Tuning behavior can be modified by defining the TC with an optional
TunerConfig
parameter constructed as such:
tuner_config=tc.TunerConfig().threads(5).generations(3).pop_size(5)
.
Note
By providing a fixed filename and calling short tuning runs over multiple executions with load_from_cache=True and store_to_cache=True, one can effectively reinforce the tuning process over time without paying a longer startup cost.
Fixed TC, varying input sizes¶
A TC definition can be reused but will trigger recompilation for different size combinations. While we recommend tuning independently for each TC and input size variation, the best options found for a particular TC and input size combination may transfer well to another input size (especially if sizes are close and the kernels exhibit the same type of bottlenecs; i.e. memory-bound, latency-bound, instruction-issue-bound, compute-bound).
Pseudo-templating¶
The TC mapper requires statically affine tensor indexing functions. Without getting into deeper details, the dependence analysis process is significantly simplified and can be represented exactly. As a consequence, tensor subscripts should avoid multiplications between an unknown parametric quantity and an index variable. In practice this may require writing different TC versions for different stride and kernel sizes. A simple workaround would be for TC language to provide a templating mechanism. A much simpler way to achieve the same effect is to dynamically perform string substitutions based on runtime values by formatting the TC string with python regular expressions:
import re import torch import tensor_comprehensions as tc tc_str=""" def avgpool(float(B, C, H, W) input) -> (output) { output(b, c, h, w) +=! input(b, c, h * <sH> + r_kh, w * <sW> + r_kw) / (<kH> * <kW>) where r_kh in 0:<kH>, r_kw in 0:<kW> } """ tc_str = re.sub('<sh>', '1', tc_str) tc_str = re.sub('<sw>', '1', tc_str) tc_str = re.sub('<kH>', '2', tc_str) tc_str = re.sub('<kW>', '3', tc_str) T = tc.define(tc_str, tc.make_naive_options_factory()) out = T.avgpool(torch.ones(1, 1, 4, 4, device='cuda')
Built-in Functions¶
TC allows using CUDA built-in functions as well when defining the TC operations.
During execution, the CUDA API will be called for those built-in
functions. For example, assume one wants to use fmax
CUDA function in TC:
import torch import tensor_comprehensions as tc tc_str = """ def relu(float(B,M) I) -> (O) { O(b, m) = fmax(I(b, m), 0) } """ T = tc.define(tc_str, tc.make_naive_options_factory()) O = T.relu(torch.randn(100, 128, device='cuda'))

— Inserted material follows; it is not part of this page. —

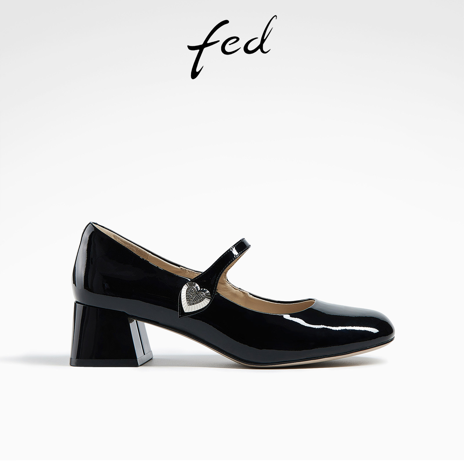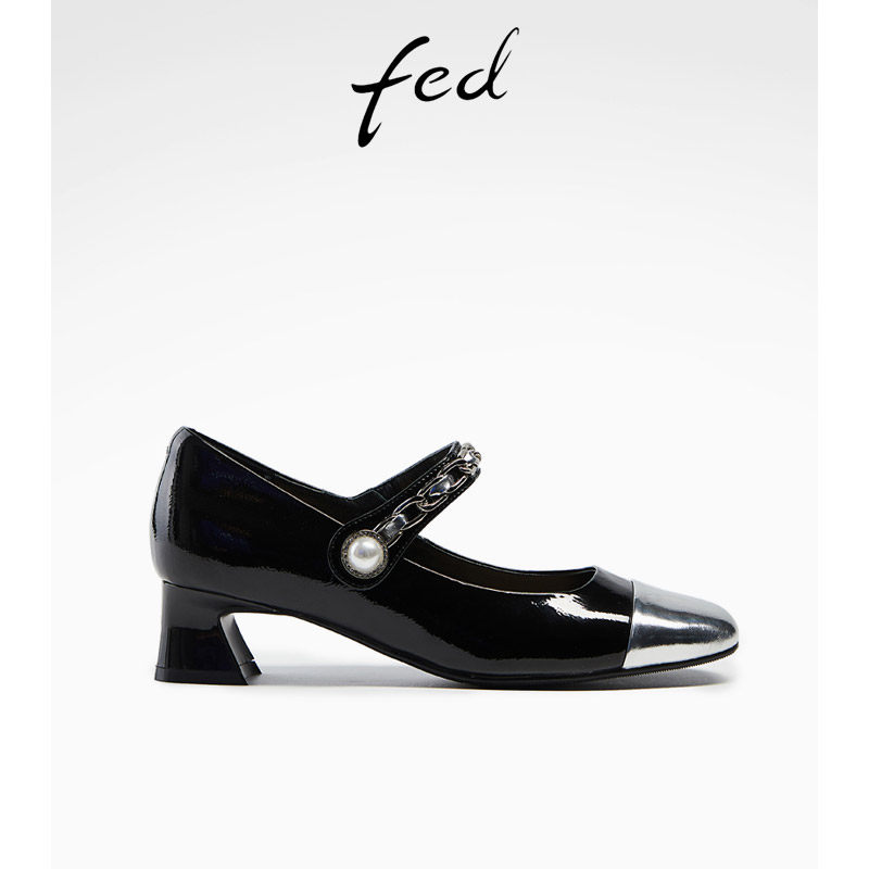 fed玛丽珍鞋女2023年春季新款女鞋粗跟单鞋浅口高跟鞋R0213-YA036

TC only supports a subset of built-in CUDA functions. Built-in functions supported in TC are listed in this file. Documentation for these functions is available as part of the official CUDA documentation.
More examples¶
You can find more examples in our unit tests. We also provide more elaborate examples on how to compute argmin as well as a simple TC + PyTorch python overhead benchmark.